Seroka estimates that 95% of port data now travels through the port optimizer. He also made the classic call to arms for digitization. Indeed, for digitization to flourish, everyone needs to adopt it.

Yes, there are costs associated with digitization. But reams of paperwork also come at a cost. When we consider the pros and cons, digitization will likely save companies countless dollars, especially in opportunity costs. Think about it from the customer’s perspective—when it comes to digitization, it’s a binary, go/no-go gauge for partners. You’re either in (the system) or you’re out!

In other words, a stronger global supply chain means there are no blind spots in the data. Put another way, what we’re also talking about is supply chain visibility.

Supply Chain Visibility

Backed by shared, digitized data, supply chain visibility means partners get a look upstream at what the future holds. Seroka mentioned the port optimizer digitization platform earns them as much as three to four weeks of visibility. From a planning perspective, that data is gold.

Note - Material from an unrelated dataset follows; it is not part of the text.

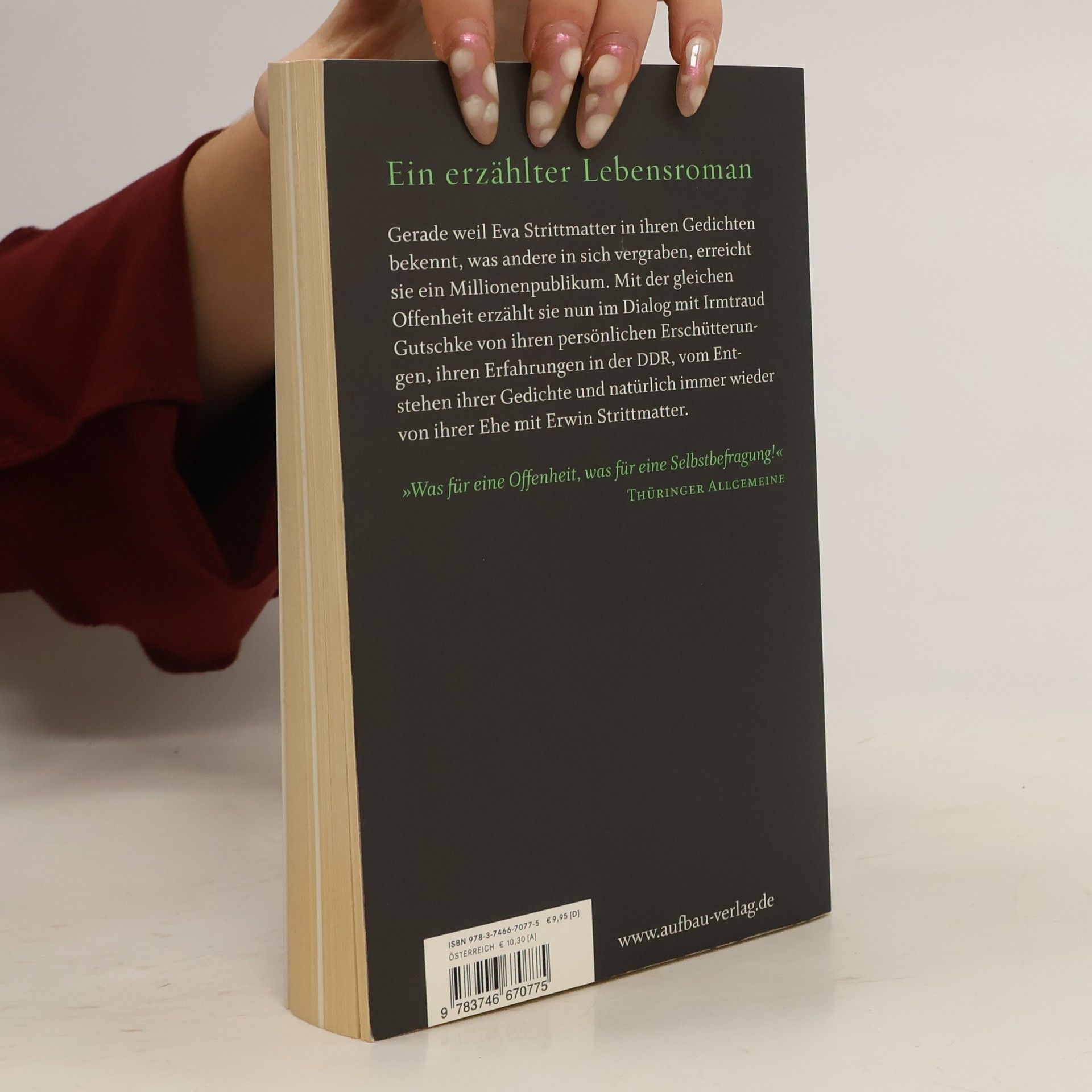 Ein erzählter Lebensroman Gerade weil Eva Strittmatter in ihren Gedichten bekennt, was andere in sich vergraben, erreicht sie ein Millionenpublikum. Mit der gleichen Offenheit erzählt sie nun im Dialog mit Irmtraud Gutschke von ihren persönlichen Erschütterungen, ihren Erfahrungen in der DDR, vom Entstehen ihrer Gedichte und natürlich immer wieder von ihrer Ehe mit Erwin Strittmatter. »Was für eine Offenheit, was für eine Selbstbefragung!« Thüringer Allgemeine

In general, shared information between stakeholders can optimize efficiency. That includes internal teams, cross-functional teams, and third-party partners.

Beyond that, digitization is the first rung of what you could describe as the logistics tech ladder. There can be no blockchain adoption without digitization. There can be no control towers without digitization. And if we read between the lines on what Seroka is saying, the best way to ease the supply chain bottleneck is through digitization as well.

Freight Consolidation

Don’t ship air. I’m completely fine with air as long as it’s cases of canned Perri-Air from the movie Spaceballs. Unless it’s that kind of fresh air, I want those trailers packed full and cubed out. This is a classic logistics issue.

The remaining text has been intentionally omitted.